LazerSteve--anyone besides me report to you about their having difficulty downloading or opening your second Schor patent acrobat file? The first one worked great. The one put up by GSP worked great. Thanks for any clues or assist. Mike.


----------



## lazersteve (May 23, 2007)

Mike Here it is again. I tested it just now and it worked all the way to the last page.


----------



## mike.fortin (May 23, 2007)

LazerSteve--thanks for your reply. It downloads about 428K and then tells me there is an error in the file and it cannot open it. I don't know what to try next. Could there be some setting in my own machine I'm tripping over at 428K? I'm open to ideas. Thanks. Mike.


----------



## lazersteve (May 23, 2007)

All,

Anyone else having the same problem with this file?


----------



## jimdoc (May 23, 2007)

I just downloaded them fine and I am on a PII with Windoes 98 and DSL.


----------



## tom341 (May 24, 2007)

Wow what a help you have been Goldsilverpro.
I will call COORS in Denver and order the P-1/2-BC next Friday when I get paid. It appears that there are 8 in an order for the $30.00 cost. I know the Area code is in Denver Colorado because most of Colorado was area code 303 and it changed here in Pueblo Colorado about 5 years ago from 303 to719 so that would put it in Denver or Golden. I have the chemicals from my Shor machine but I have never used it yet. But I would much rather put this together and retrofit it with a design most people here on the form can use at a reasonable cost. The precipitant from Shor looks like salt in consistency, now with the idea of some sort of Shaker basket to put electronic scrap into made out of Stainless Steal this might acutely work. When the amps drop to zero or there about shake the basket to get moor pins or plates to make contact with the SS basket and wait for amps to drop until you just don’t get conductivity any more. The beauty of this is that the Gold will not only be recovered but refined at the same time without the dangerous nitric acid fumes, and the use of safer chemicals without the HCL and sulfuric acids are also a plus.


----------



## tom341 (May 24, 2007)

Hay Steve, 
You have also been a great help here maybe with moor people working on this we will be able to refine our scrap much faster THX all. <*///><..tom


----------



## goldsilverpro (May 24, 2007)

Tom341,

Hope you read this before you order.

I think those Coors prices are full retail. I've found that you can get them cheaper through a distributor.

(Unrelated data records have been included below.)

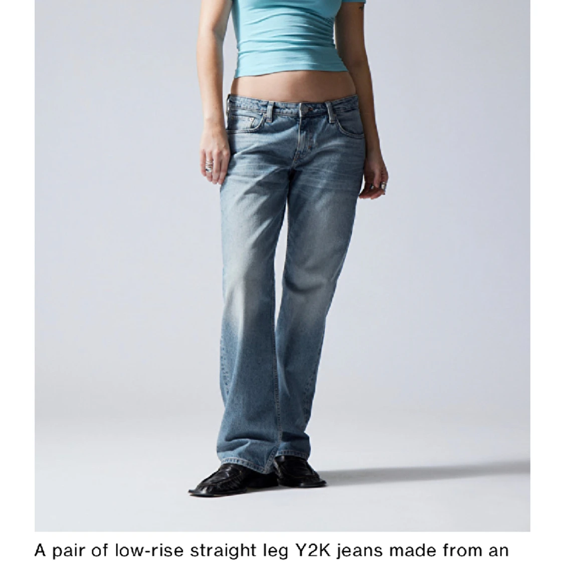Säljer dessa jätte populära jeans från weekday, använda en gång. Storlek 28/32. Låg midjade och raka!
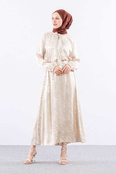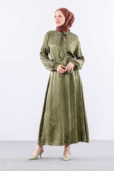 2575 Elbise 40-48 Saten Jakar - Siyah
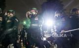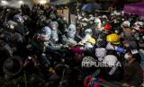 Petugas polisi menghadapi demonstran yang berkumpul di perkemahan pengunjuk rasa pro-Palestina di kampus Universitas California Los Angeles (UCLA) di Los Angeles, California, AS, (2/5/2024). (FOTO : EPA)

The P-1/2-BC is actually the pore size. I just found the 2"X4" one (#60495), in the right pore size, on sale for $7.14. And you can buy them individually.

http://www.macbicnj.com/Merchant2/merchant.mvc?Screen=PROD&Store_Code=online&Product_Code=Coors60495

Here's a bunch of Coors stuff on sale. I notice there are some Buchner vacuum funnels on the list at good prices.

http://www.macbicnj.com/Merchant2/merchant.mvc?Screen=CTGY&Store_Code=online&Category_Code=coors

That whole Macbic site is nothing but clearance items. Great prices. Here's Coors spot plates for less than half price. The one pictured is not the one being sold. The one on sale has 12 depressions. Spot plates are the very best way to do stannous chloride tests.

http://www.macbicnj.com/Merchant2/merchant.mvc?Screen=PROD&Store_Code=online&Product_Code=34276-0160


----------



## tom341 (May 26, 2007)

goldsilverpro,

Thank you for all your help I will be ordering the ones on sale at the site you referred me to. I don’t know how you fiend this kind of information but hay don’t stop its great. I do have to weight until this Friday 6/1/07 that’s pay day for me I am a D.A.V. and I only get paid once a month. ..THX...<*\\\><...TOM


----------



## aflacglobal (Jan 26, 2008)

Thread cont :arrow: http://goldrefiningforum.com/phpBB3/viewtopic.php?p=5486#5486


----------



## Irons (Jan 26, 2008)

goldsilverpro said:


> The Shor patent of the ammonium chloride electrolyte that dissolves the gold also is #5,009,755. It has 1 to 2 pounds of ammonium chloride per gallon, 2 to 4 ozs of NaCl per gallon, and .25 fl.oz. of hydrogen peroxide per gallon. The anode is bagged and the anode solution is separated from the cathode by a membrane. I think this patent is what the Simplicity machine is based on but, I need to read the Simplicity instructions again to make sure. I may be wrong. The Shor patents are quite confusing and I haven't spent that much time analyzing them. The catalyst is probably the peroxide. The gold can be dropped with any of the common sulfite compounds. The Pt group metals stay in the anode bag.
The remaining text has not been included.